#### [SOURCE DATA]
══════════

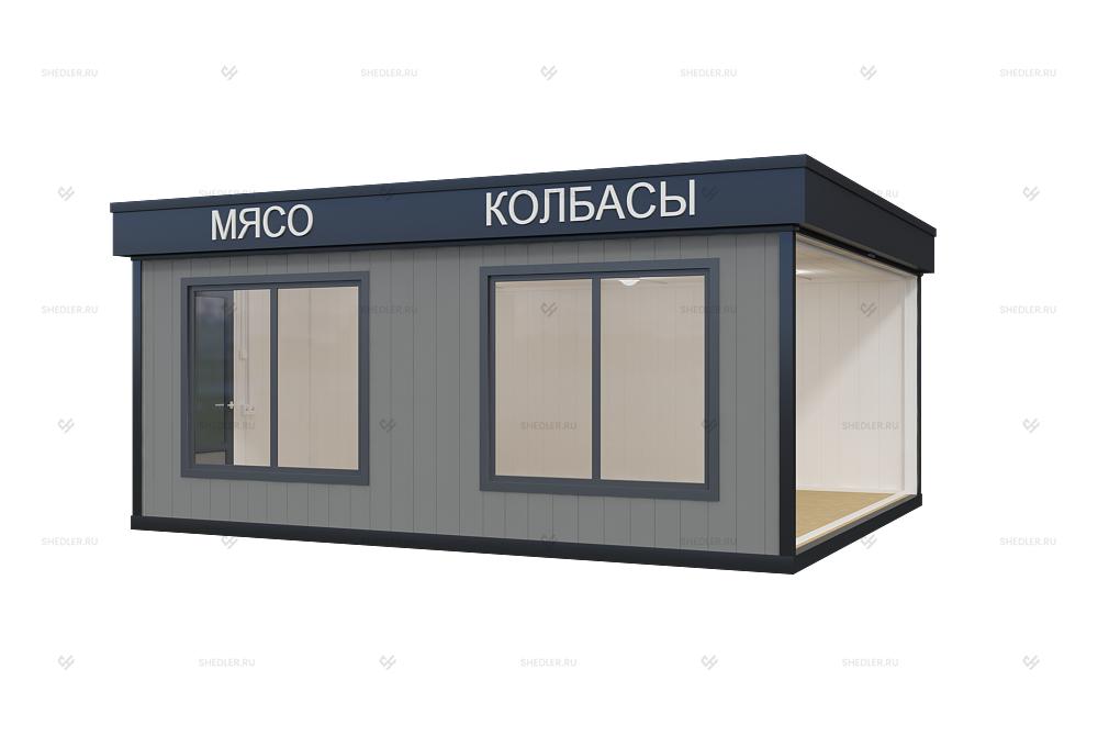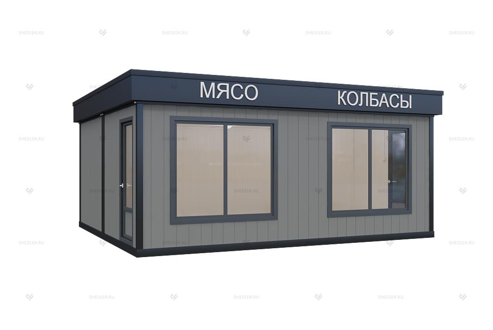 | Входная дверь (2шт.) | ПВХ с остеклением (без торгового окна, остекление на одном уровне с окнами) (900 x 2100) |
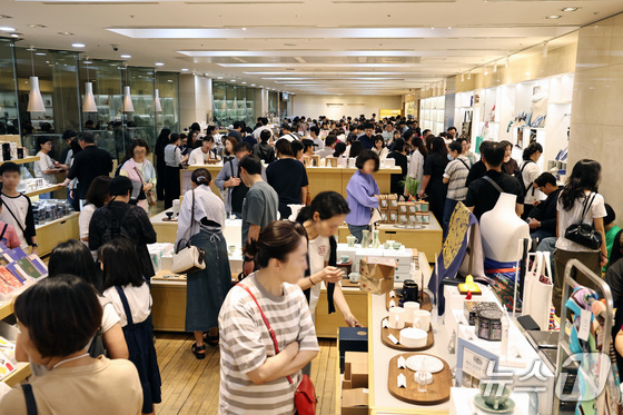 서울 용산구 국립중앙박물관 공식 굿즈 매장 '뮷즈샵'을 찾은 관람객들/뉴스 News 구윤성 기자국립중앙박물관이 올해 관람객 만 명을 돌파하며…
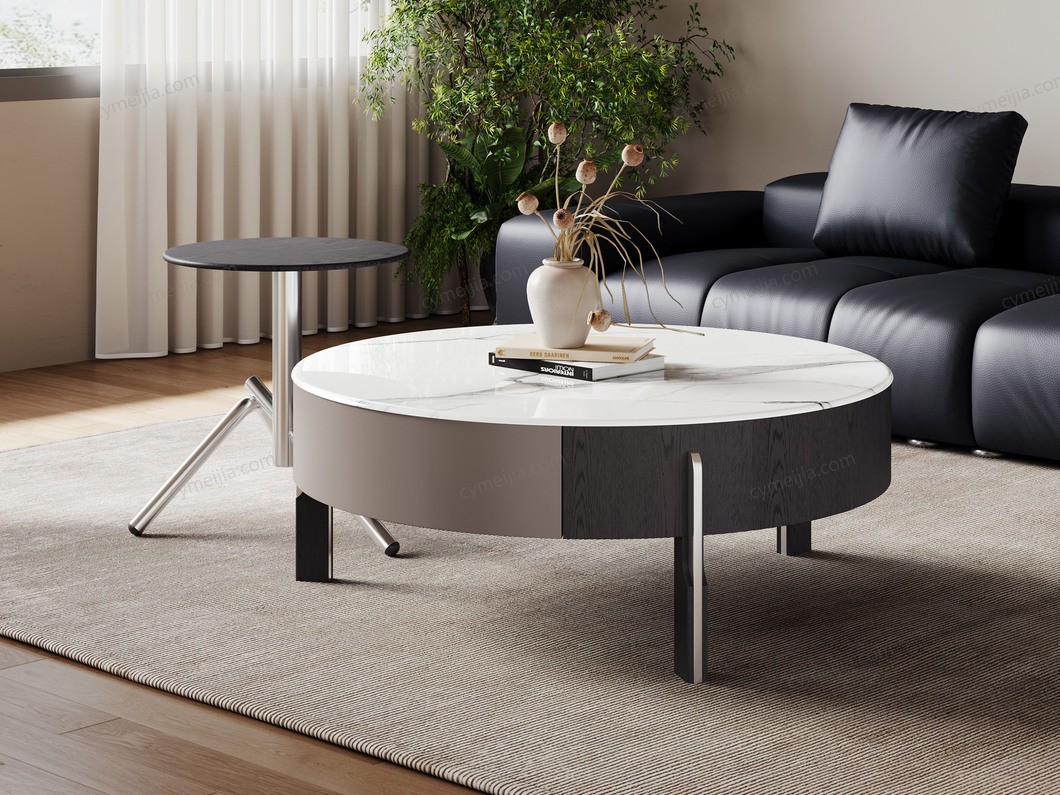 | 产地 : 佛山 | 规格 : 茶几:直径800*高320mm;角几:直径450*高500mm | 产品材质 : 茶几:微晶石+实木木皮+钢琴烤漆+E1级环保板;角几:实木木皮+不锈钢五金+E1级环保板 | 更多参数>> |

══════════

#### [THE TASK]
From the line with "서울 용산구 국립중앙박물관" through the end of the listing, write out every line exactly, leaving out the pictures.

#### [WRITTEN ANSWER]
 서울 용산구 국립중앙박물관 공식 굿즈 매장 '뮷즈샵'을 찾은 관람객들/뉴스 News 구윤성 기자국립중앙박물관이 올해 관람객 만 명을 돌파하며…
 | 产地 : 佛山 | 规格 : 茶几:直径800*高320mm;角几:直径450*高500mm | 产品材质 : 茶几:微晶石+实木木皮+钢琴烤漆+E1级环保板;角几:实木木皮+不锈钢五金+E1级环保板 | 更多参数>> |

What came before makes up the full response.